The Council Tax Reduction Scheme, which provides financial help to those on low incomes when paying their council tax, was introduced by local councils four years ago to replace Council Tax Benefit, which was abolished by the Government as part of the Welfare Reform Act.
Daventry District Council runs its own version of the scheme and is consulting on a series of options for 2018/19. Currently, people of working age in the district who qualify for CTRS – approximately 2,350 – are required to make a minimum contribution of 20% towards the Council Tax that they are liable to pay.
The Council is consulting on three future options:
- Keep the scheme unchanged with a minimum Council Tax contribution level of 20% for working age claimants
- Increase the current Council Tax contribution level for working age claimants to a minimum of 25%, or
- Increase the current Council Tax contribution level for working age claimants to a minimum of 30%.
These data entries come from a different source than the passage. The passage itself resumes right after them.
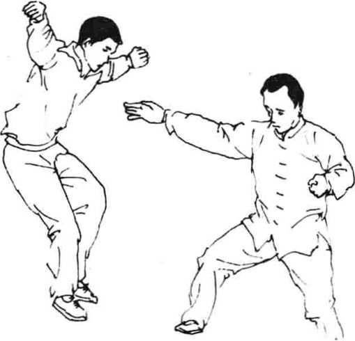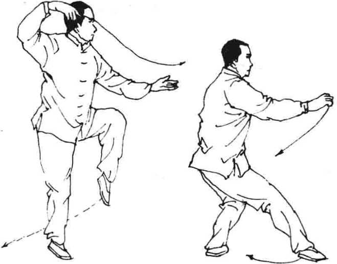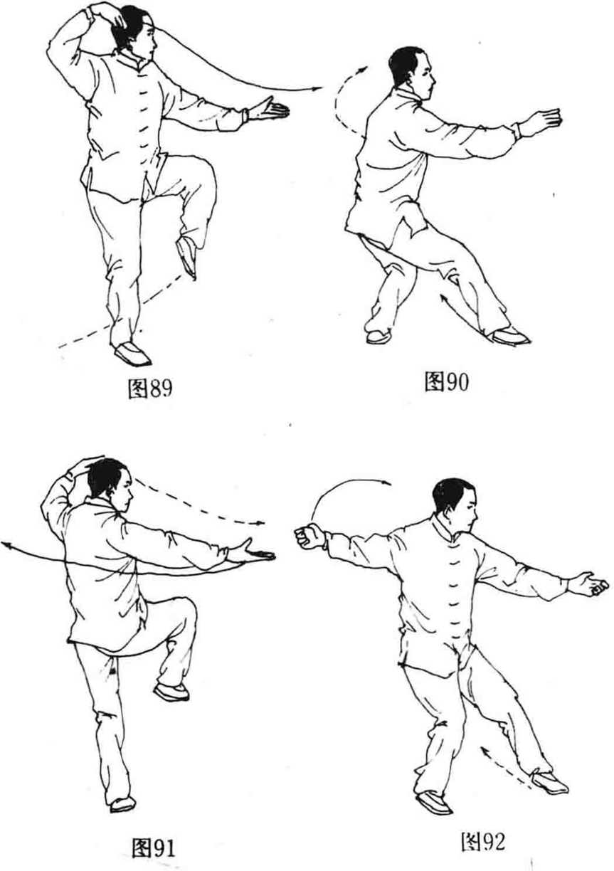 肋外侧。同时,左腿轻轻提起在右腿前旋踝转腿划弧,然后向 后偏左倒退一步,全脚慢慢落实,身体重心移到左腿.身向后 坐(图 93、94)。
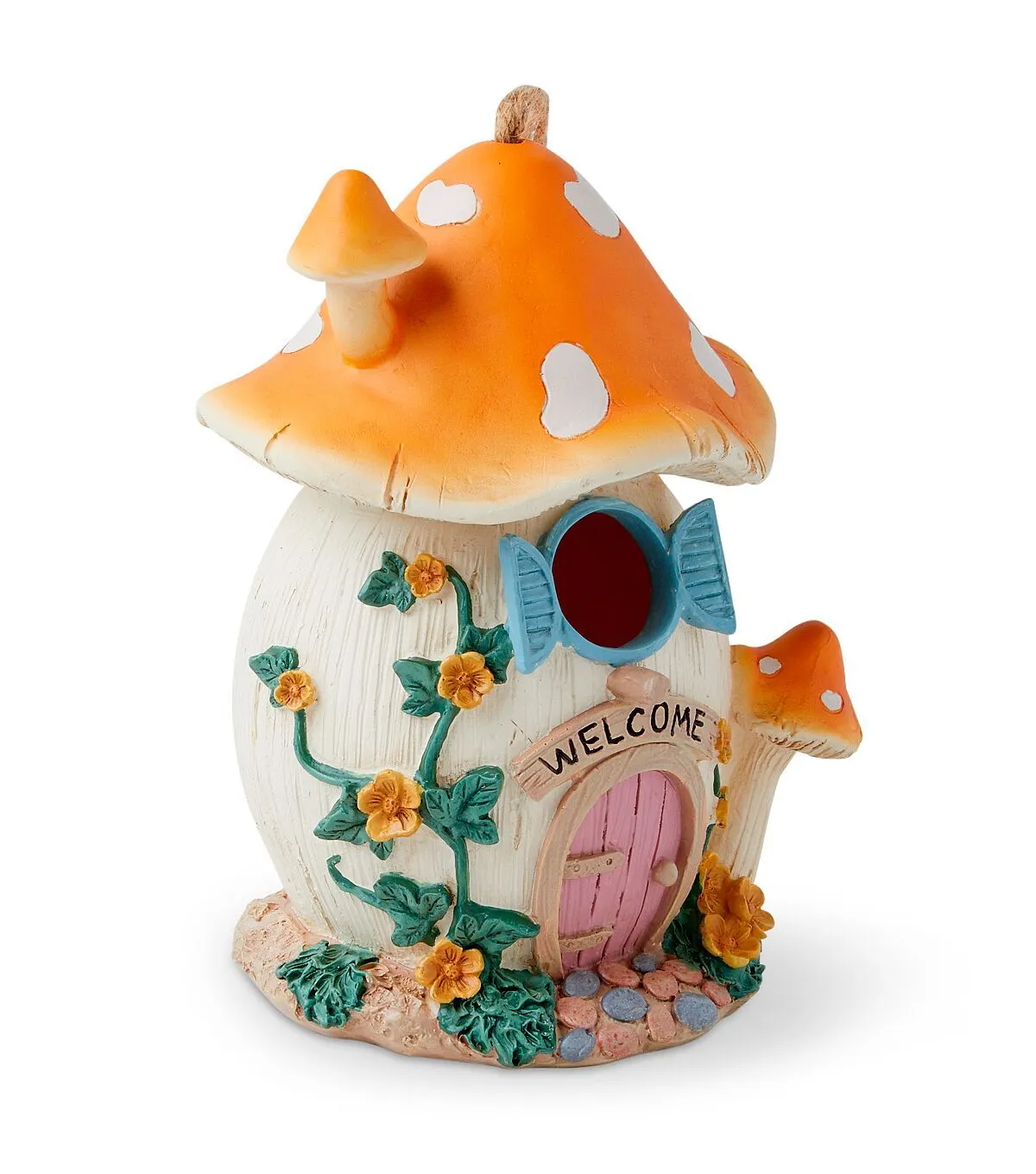 The Spring Yellow Mushroom Fairy Birdhouse by Place & Time is perfect for your patio or garden. This mushroom fairy birdhouse flaunts lovely shades and comes trimmed with accents resembling flowers and vines. Team it with a bird feeder and have your feathered friends visiting you every day. You can also hang it on the front porch using the string loop on top.
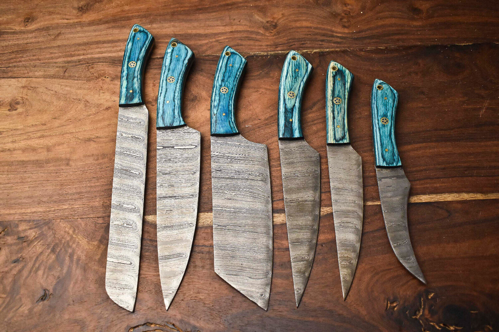 Elevate your kitchen with this premium 6-piece set of handmade Damascus steel chef knives, each crafted with precision and care. Our Damascus steel is authentic, not just acid-etched, made from a combination of 1095HC and 15N20 nickel carbon. Each bar is heated, folded repeatedly, and forged into 384 layers to create a blade that is not only visually stunning but incredibly durable. The blades are then acid-treated, which turns the nickel a satin color and the high-carbon steel a dark gray, revealing the intricate layered patterns. Every knife is hand-polished, giving the blade a sharp, satin finish while the handles are polished for a smooth, comfortable grip. This complete set comes with a leather bag for safe storage and portability. Each knife is 100% handmade, unique, and free from CNC machining, ensuring you receive a one-of-a-kind culinary masterpiece.

The proposed options do not affect pensioners, whose scheme is set by the Government.
Raising the contribution level to 25% would help to reduce a funding shortfall in the scheme, while increasing the level to 30% would cover the full cost of the scheme.
However similar increases made by other councils show that collection rates could be affected if the level is raised. DDC’s preferred option is to keep the level unchanged at 20%.
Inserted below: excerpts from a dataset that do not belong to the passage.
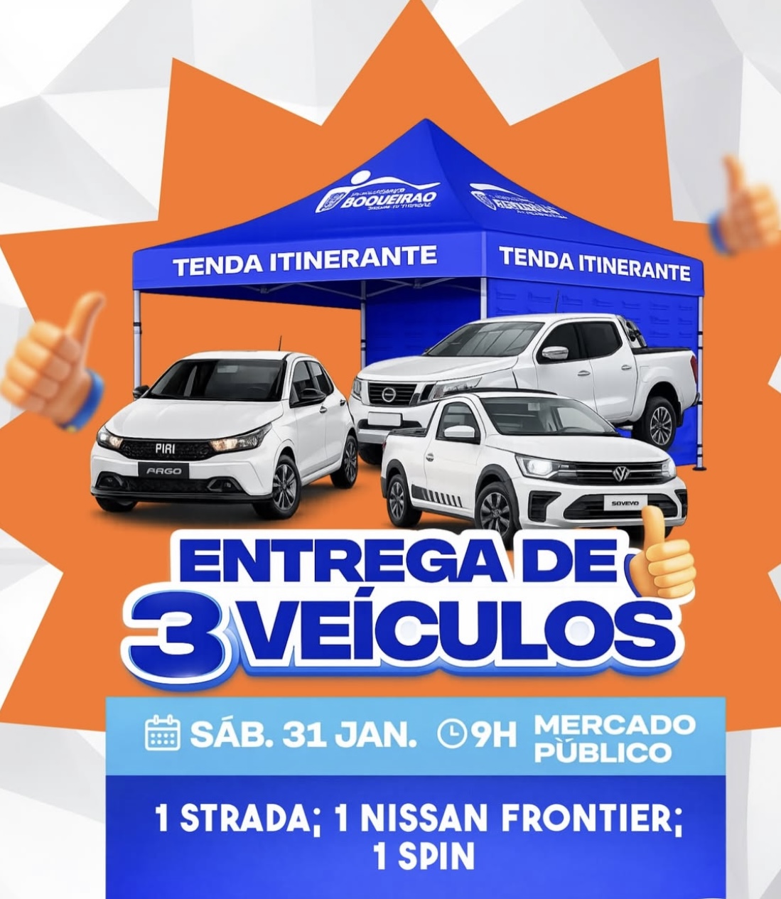 A Prefeitura de Boqueirão segue investindo na melhoria da estrutura administrativa e na qualidade dos serviços públicos. No próximo sábado, 31 de janeiro, às 9h, no Mercado Público, será realizada a entrega oficial de três novos veículos que irão fortalecer as ações do município. Serão incorporados à frota municipal uma Fiat Strada, uma Nissan Frontier […]
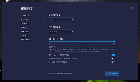 BlueStacksの設定も多少は変更できますが、トラブルが解消しない場合は、メモリー増強、PC買い替えなどが必要となります。
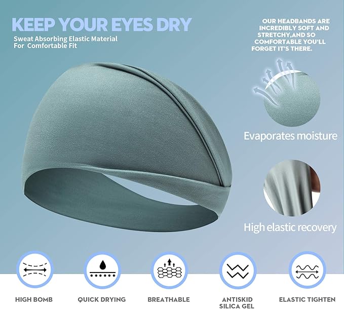 - Soft and Absorbent: Made with sweat-wicking fabric, these headbands keep you dry and comfortable during intense workouts, absorbing sweat effectively.these headbands stay securely in place, preventing them from slipping during vigorous movements.
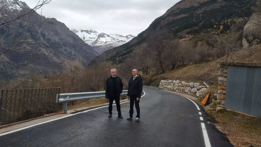 El diputado de Obras de la Diputación Provincial Huesca, Álvaro Bescós, y el alcalde de Benasque, Manuel Mora, han visitado la calle Cabo del Llugá en la que la institución provincial ha invertido 700.000 euros.
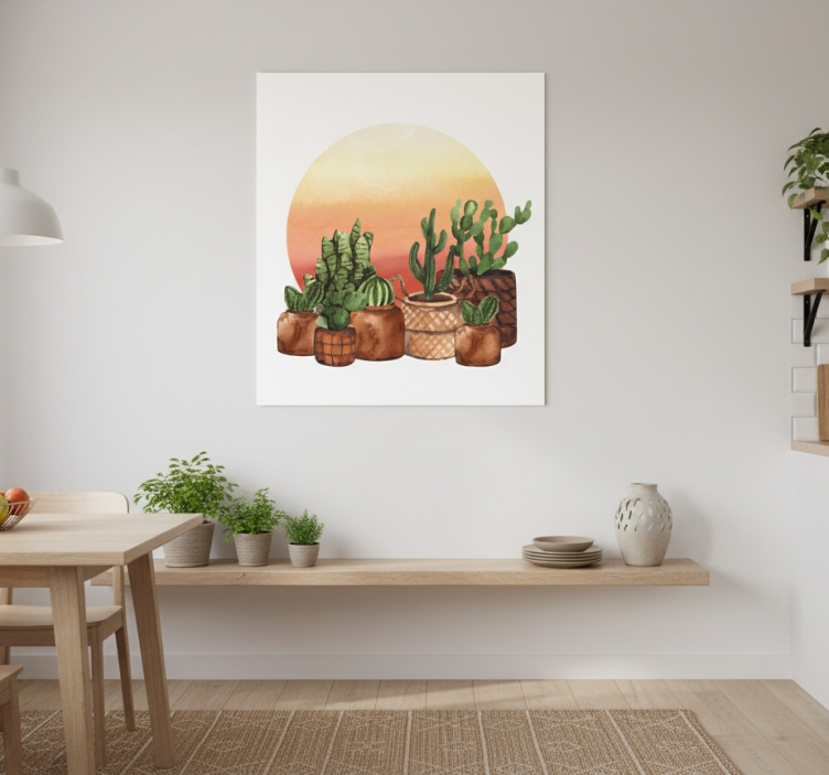 Poster kuhinja kaktus sa zalaskom sunca u krugu
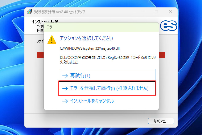 2025年9月以降、うきうき家計簿 フリーソフト版のインストール時に、msjtes40.dllの「DLL/OCXの登録に失敗しました」とエラーが表示されます。
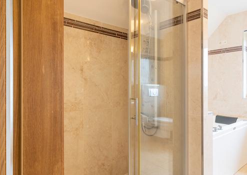 Hauptschlafzimmer mit begehbarem Kleiderschrank und eigenem 2. Badezimmer mit Dusche, Doppelwaschtisch und WC.

During October, the council is sending questionnaires to all working age claimants in the district asking them to have their say on the options. They can also suggest their own ideas or alternatives as part of the consultation.
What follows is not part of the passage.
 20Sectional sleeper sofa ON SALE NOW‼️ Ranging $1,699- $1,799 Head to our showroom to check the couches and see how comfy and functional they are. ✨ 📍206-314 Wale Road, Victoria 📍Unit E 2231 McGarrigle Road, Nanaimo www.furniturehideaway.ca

The consultation runs until November 5 and people can also have their say by going online at www.daventrydc.gov.uk/consultation.
Daventry District Council’s resources portfolio holder Councillor John Shephard said: “It’s really important that we review the scheme every year to ensure it remains financially sustainable and can continue to help residents on low incomes.
“Our preferred option is to keep the scheme unchanged for 2018/19, as it’s too early to evaluate the outcomes of the changes we made last year when we brought it in line with national welfare benefit reforms.
“I would encourage people to give their views by responding to the questionnaires being sent out or completing the survey on our website.”